Ее хиджаб был оторочен тесьмой с крошечными бубенчиками – они тихо и мелодично звенели, так, что это можно было услышать, только стоя близко-близко.
Ее скромные туфли на маленьком каблучке были изящно вырезаны спереди – открывался только кончик большого пальца; но, заметив ярко накрашенный ноготь, можно было представить себе стройные ножки с педикюром.
Тонкие перчатки не столько скрывали, сколько подчеркивали изящество ее рук.
Хиджаб плотно облегал голову, скрывая, по-видимому, очень роскошные волосы, но открывал лицо.
Египтянки всех возрастов делают очень яркий макияж. Темные брови и ресницы они красят, делая их еще чернее. Глаза и губы обводят так ярко, что лица порой похожи на маски фараонов.

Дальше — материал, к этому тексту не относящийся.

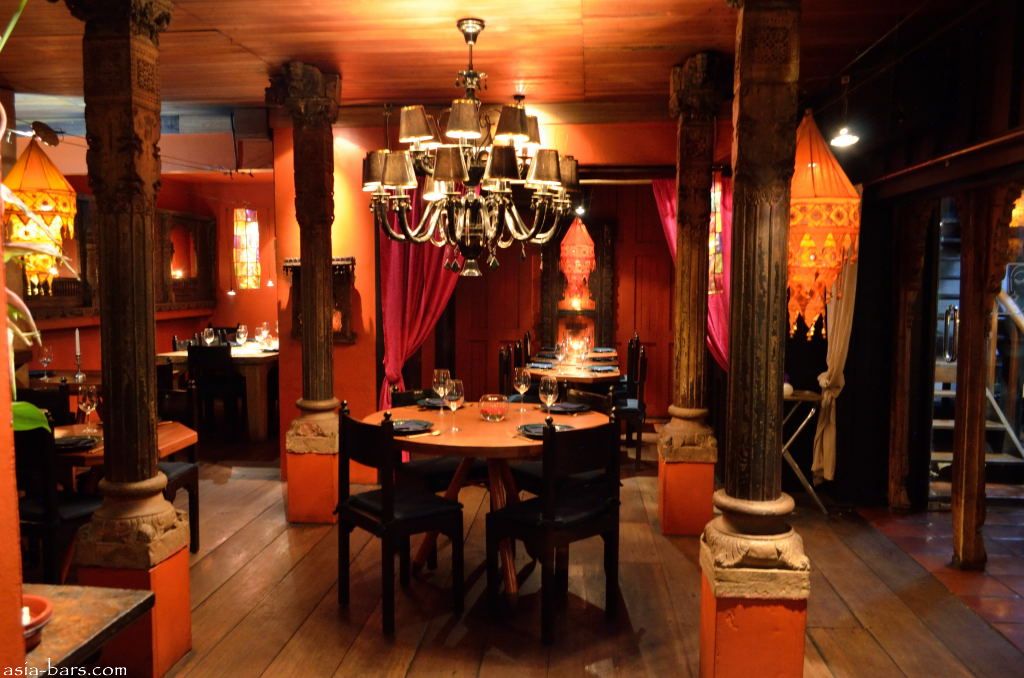 The Face Jakarta establishment occupies a restored two level building that has been extensively remodeled to recreate an authentic cultural environment. Raw timber beams and pillars, the original timber flooring and ceilings contrast with the internal walls rendered in bold colors. The sprawling floor plan follows the original rooms of the building, creating a variety of spaces within each section. The ground floor features the FACE Bar on one side of the entrance hallway, with the Hazara Indian restaurant occupying the spaces across the other side. A staircase leads to the upper level and the Lan Na Thai restaurant, which features a series of interconnected dining spaces extending across the entire width of the main building.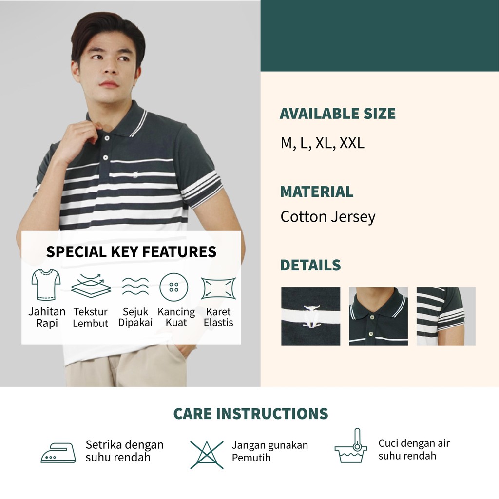 MATSUDA Baju Kaos Polo Shirt Dewasa Stripe Pria Kerah Katun Shinagawa DK Slate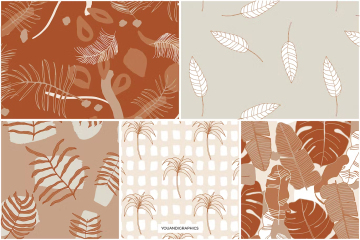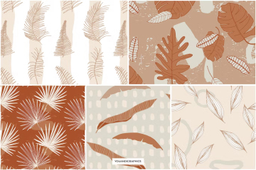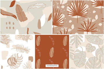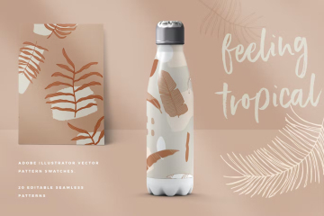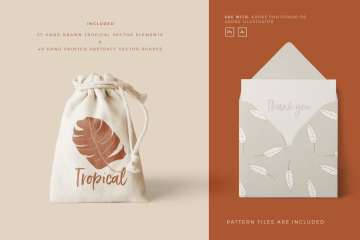 集合中使用的所有元素都是单独手绘的,然后变成矢量并组合成我最喜欢的调色板中美丽的热带 Illustrator 图案集!
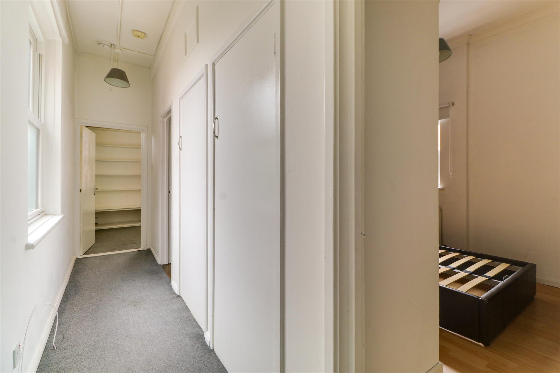 Smooth ceiling, obscured UPVC double-glazed sash window, storage cupboard, airing cupboard, fitted carpet and doors into;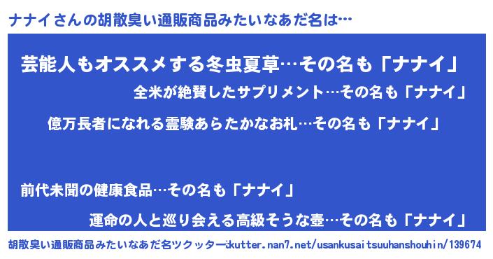 | 意味不明あだ名 | 『ペロリンナナイ』『自称ナナイ』 |

Карина пользовалась только хорошей дорогой французской косметикой. Подведенные глаза и удлиненные ресницы приковывали к себе внимание любого, а стеснительно-кокетливый взгляд дополнял картинку. Мужчины не могли устоять. Карина знала магическую силу своего взгляда и умела ею пользоваться.
Не имея личного автомобиля, она тем не менее пешком никогда не ходила и общественным транспортом не пользовалась. За ней приезжали и ее привозили очень дорогие машины. Однако никто в доме не замечал, чтобы Карину провожали до квартиры. И выходила она тоже всегда одна. Но машины ждали ее внизу, и мужская рука, каждый раз разная, изнутри салона всегда открывала дверцу авто.

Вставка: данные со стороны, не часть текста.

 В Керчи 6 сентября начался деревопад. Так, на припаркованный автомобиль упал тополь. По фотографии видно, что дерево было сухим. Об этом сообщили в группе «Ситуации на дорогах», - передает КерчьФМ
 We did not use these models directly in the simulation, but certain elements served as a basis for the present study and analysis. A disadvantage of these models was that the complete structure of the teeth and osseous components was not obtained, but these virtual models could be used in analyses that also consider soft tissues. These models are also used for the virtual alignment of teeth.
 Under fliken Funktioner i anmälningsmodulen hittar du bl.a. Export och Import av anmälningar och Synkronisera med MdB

Каждый раз встречая Алекса у дома или в подъезде, Карина мысленно связывала себя с ним. Он нравился ей все больше. Она думала о нем днем на работе, она грезила о нем ночью, лаская свое тело. Вскоре Карина поняла, что влюбилась. Она использовала любой предлог, чтобы побыть с ним хоть мгновение, чтобы лишний раз пройти мимо, зайти к нему, сделать для него что-то полезное.
Алексу было приятно внимание девушки, и он принимал его.
Но Зейнаб, воспитанная в строгих мусульманских традициях, сразу осудила поведение Карины и велела сыну прекратить общаться с «этой шалавой».
Время шло, бежало и летело. Карина уже безумно любила Алекса и мечтала выйти за него замуж. Он знал о чувствах девушки, но взаимностью не отвечал. Слово матери было важнее.